=== WHAT YOU NEED TO DO ===
Only the lines in the entries below from the line with "Decorative Look: This" to the line with "At last month's", both included, belong in the answer, transcribed exactly and without pictures.

=== DATA EXCERPTS ===
^^^^^^^^

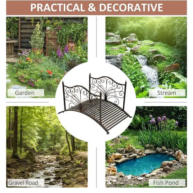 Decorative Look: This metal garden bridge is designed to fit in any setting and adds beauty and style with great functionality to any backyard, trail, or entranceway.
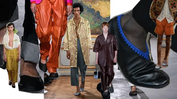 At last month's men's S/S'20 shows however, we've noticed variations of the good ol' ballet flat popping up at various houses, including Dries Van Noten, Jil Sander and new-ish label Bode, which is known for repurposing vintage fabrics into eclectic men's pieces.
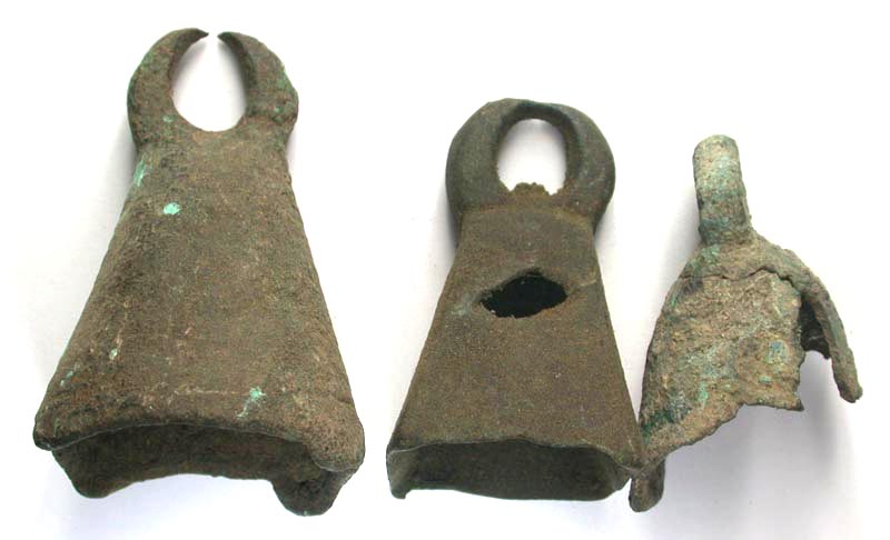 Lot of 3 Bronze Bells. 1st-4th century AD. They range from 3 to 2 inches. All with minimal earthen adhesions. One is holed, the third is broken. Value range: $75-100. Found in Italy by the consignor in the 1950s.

^^^^^^^^

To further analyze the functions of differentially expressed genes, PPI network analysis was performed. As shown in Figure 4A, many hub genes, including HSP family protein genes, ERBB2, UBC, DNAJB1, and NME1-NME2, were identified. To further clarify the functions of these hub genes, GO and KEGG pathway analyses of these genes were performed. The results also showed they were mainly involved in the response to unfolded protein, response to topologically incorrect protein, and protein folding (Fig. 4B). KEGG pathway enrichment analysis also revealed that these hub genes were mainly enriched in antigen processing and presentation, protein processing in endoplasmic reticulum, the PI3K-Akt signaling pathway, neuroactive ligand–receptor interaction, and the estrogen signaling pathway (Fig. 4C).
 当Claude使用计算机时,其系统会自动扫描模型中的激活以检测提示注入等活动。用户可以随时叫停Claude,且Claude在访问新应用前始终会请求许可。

^^^^^^^^

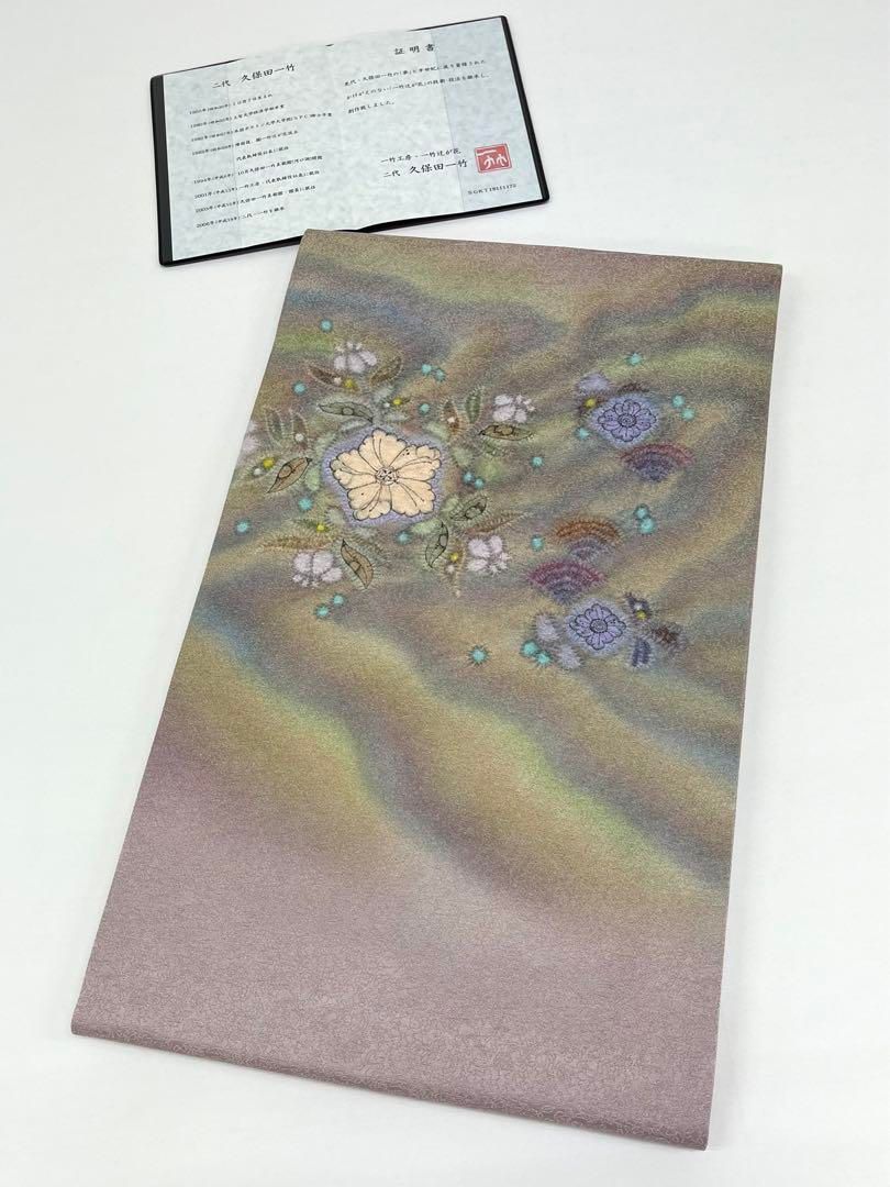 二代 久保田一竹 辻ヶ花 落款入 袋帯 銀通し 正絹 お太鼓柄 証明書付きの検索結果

^^^^^^^^

=== FINISHED EXERCISE ===
 Decorative Look: This metal garden bridge is designed to fit in any setting and adds beauty and style with great functionality to any backyard, trail, or entranceway.
 At last month's men's S/S'20 shows however, we've noticed variations of the good ol' ballet flat popping up at various houses, including Dries Van Noten, Jil Sander and new-ish label Bode, which is known for repurposing vintage fabrics into eclectic men's pieces.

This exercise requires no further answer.